Also, the mother toner particles can be classified. Classification
can be performed by removing particulates in a liquid by a cyclone,
a decanter or a method utilizing a centrifuge and can also be done
by a classification operation after drying.
[0197] The thus prepared mother toner particles can be mixed with
other particles, for example, a colorant, a release agent and a
charge controlling agent. Such other particles can be fixed and
integrated into the surface of toner particles by applying a
mechanical impact thereto. It is thus possible to restrain the
detachment of the other kinds of particles, for example, a release
agent, from the surface of toner particles.
[0198] Specific examples of such mechanical impact application
methods include a method in which a mixture is impacted by a high
speed rotation blade and a method in which a mixture is put into a
jet air to collide the particles against each other or a collision
board. Specific examples of such mechanical impact applicators
include ONG MILL (manufactured by Hosokawa Micron Co., Ltd.),
modified I TYPE MILL in which the pressure of air used for
pulverizing is reduced (manufactured by Nippon Pneumatic Mfg. Co.,
Ltd.), HYBRIDIZATION SYSTEM (manufactured by Nara Machine Co.,
Ltd.), KRYPTRON SYSTEM (manufactured by Kawasaki Heavy Industries,
Ltd.), automatic mortars, etc.
[0199] The toner of the present invention has a smooth surface.

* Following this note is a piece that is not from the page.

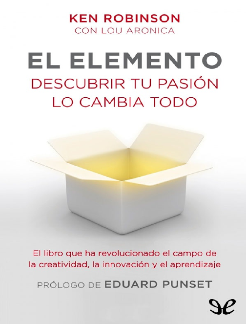 Libro proporcionado por el equipo Le Libros Visite nuestro sitio y descarga esto y otros miles de libros http://LeLibros.org/ Descargar Libros Gratis, Libros PDF, Libros Online http://LeLibros.org/ http://LeLibros.org/ http://LeLibros.org/ http://LeLibros.org/ El mundo cambia a una velocidad vertiginosa. Es imposible adivinar cómo viviremos en el futuro: lo único que sabemos es que hará falta mucha imaginación y creatividad para transformarnos y afrontar los nuevos retos. Descubrir el Elemento es recuperar capacidades sorprendentes en nuestro interior, y desarrollarlo dará un giro radical no sólo a tu entorno laboral, sino también a tus relaciones y, en definitiva, a tu vida. Ken Robinson y Lou Aronica El Elemento Descubrir tu pasión lo cambia todo Para mis hermanos, Ethel Lena, Keith, Derek, Ian, John y Neil; para nuestros extraordinarios padres, Ethel y Jim; para mi hijo James y mi hija Kate, y para mi alma gemela, Terry. Este libro es para vosotros. Por vuestros muchos talentos y por el infinito amor y las risas que ponemos en la vida del otro. Con vosotros y con los que amáis, estoy de verdad en mi Elemento. Agradecimientos Dicen que hace falta todo un pueblo para educar a un niño. Para hacer un libro como este hace falta una pequeña metrópoli. Sé que tengo que decir que no puedo dar las gracias a todo el mundo, y de verdad no puedo. Sin embargo, debo nombrar a algunas personas como reconocimiento por su ayuda inestimable. Primero y ante todo, a mi mujer y compañera, Terry. Sencillamente, este libro no estaría en tus manos si no fuera por ella. Su origen se debe a un comentario que hice a la ligera durante una conferencia hace unos años. Acababa de explicar la historia de Gillian Lynne, que abre el primer capítulo de este libro, y se me ocurrió decir que algún día escribiría un libro sobre ese tipo de historias. Desde entonces he aprendido a no decir estas cosas en voz alta delante de Terry. Me preguntó cuándo tenía pensado escribirlo. « Pronto —dije—, sin duda alguna pronto» . Al cabo de unos meses, lo empezó ella: redactó la propuesta, trabajó las ideas, realizó algunas de las primeras entrevistas y luego encontró al agente, Peter Miller, que ayudaría a que el libro se hiciera realidad. Con unos cimientos tan sólidos, y las rutas de escape tan firmemente cerradas, al final mantuve mi palabra y continué con el libro. Quiero dar las gracias a Peter Miller, nuestro agente literario, por su extraordinario trabajo y, no en menor medida, por reunirnos a Lou Aronica y a mí. Viajo mucho —demasiado, en realidad—, y para escribir un libro como este hace falta tiempo, energía y colaboración. Lou fue el compañero ideal. Es un verdadero profesional: sabio, juicioso, imaginativo y paciente. Fue el núcleo tranquilo del proyecto mientras yo daba vueltas alrededor de la Tierra y enviaba notas, borradores y dudas desde aeropuertos y habitaciones de hotel. También conseguimos ponernos de acuerdo sobre las diferencias, a menudo cómicas, entre el inglés británico y el estadounidense. Gracias, Lou. Mi hijo James renunció a su valioso y último verano de estudiante para enfrascarse en la lectura de archivos, periódicos y sitios de internet verificando datos, fechas y conceptos. Luego discutió conmigo casi cada una de las ideas del libro hasta dejarme agotado. Nancy Allen trabajó durante varios meses en la investigación con un plazo de entrega cada vez más ajustado. Mi hermana Kate y Nick Egan colaboraron de forma maravillosamente creativa para elaborar la excepcional página web donde se muestra todo el trabajo que estamos llevando a cabo. Nuestra ayudante, Andrea Hanna, trabajó sin descanso para coordinar la miríada de partes en movimiento de un proyecto como este. No lo habríamos conseguido sin ella. A medida que el libro iba tomando forma, fuimos muy afortunados al contar con los consejos de nuestra editora, Kathryn Court, de Viking Penguin. Su amable forma de presionarnos también garantizó que terminásemos el libro en un tiempo aceptable. Por último, tengo que dar las gracias a todas aquellas personas cuyas historias iluminan este libro. Muchas de ellas dedicaron horas valiosas de sus ajetreadas vidas a hablar, libre y apasionadamente, sobre las experiencias e ideas que forman el núcleo de El Elemento. Muchas más me enviaron cartas y e-mails conmovedores. Sus historias muestran que los temas de este libro ocupan el centro de nuestra vida. Quiero dar las gracias a todas ellas. Por supuesto, es habitual decir que, aparte de todas las buenas aportaciones de otras personas, cualquier error del libro es solo responsabilidad mía. Esto parece un poco severo conmigo mismo, pero supongo que es cierto. Prólogo Es muy posible que Ken Robinson, el que más ha insistido en la necesidad de estimular el talento, la creatividad y la vocación artística, el que más claramente apostó contra viento y marea por la no jerarquización de las competencias —no tiene sentido que en los sistemas educativos, la Física figure siempre en primer lugar y la Danza en el último—, intuyera sin ser consciente de ello que los últimos descubrimientos científicos iban a revolucionar los sistemas educativos. ¿Cuáles eran las grandes revelaciones del pensamiento científico, que permitieron a Ken Robinson dar por sentada la consecución de algo que todos habían soñado, pero nadie conseguido hasta ahora? En los últimos veinte años, los investigadores más tenaces pero no necesariamente los más conocidos han aflorado tres grandes tipos de sorpresas. La primera fue la magnitud insospechada del inconsciente; se acumulaban allí procesos cognitivos de una complej idad inigualada por el pensamiento consciente. En contra de los abanderados por científicos como Crick —que supo desentrañar el secreto de la vida o el origen del genoma humano—, ahora estábamos descubriendo que el inconsciente abriga la mayor parte del conocimiento. Resulta que la intuición t

Thus, the toner is excellent in characteristics, for example,
transferability and charging property to produce quality images.
The toner of the present invention can have furthermore excellent
characteristics when the toner is made through an adhesive
substrate material obtained by the reaction between a compound
having an active hydrogen group and a polymer reactive with an
active hydrogen group in an aqueous medium. The toner of the
present invention can be suitably used in various kinds of fields
of electrophotographic image formation.
[0200] The volume average particle diameter of the toner of the
present invention is preferably from 3 to 8 .mu.m and more
preferably from 4 to 7 .mu.m. When the volume average particle
diameter is too small, toner for use in a two-component developing
agent may be attached to the surface of a carrier during agitation
in a developing unit for an extended period of time, which may lead
to the deterioration of charging ability of the carrier. In
addition, in the case of a one component developing agent, filming
of a toner to a developing roller and attachment of a toner to a
part, for example, a blade for regulating the layer thickness of
the toner, may occur. When the volume average particle diameter is
too large, it may be difficult to obtain quality images with high
definition and the particle diameter of a toner may greatly vary
when a toner contained in a developing agent is replenished.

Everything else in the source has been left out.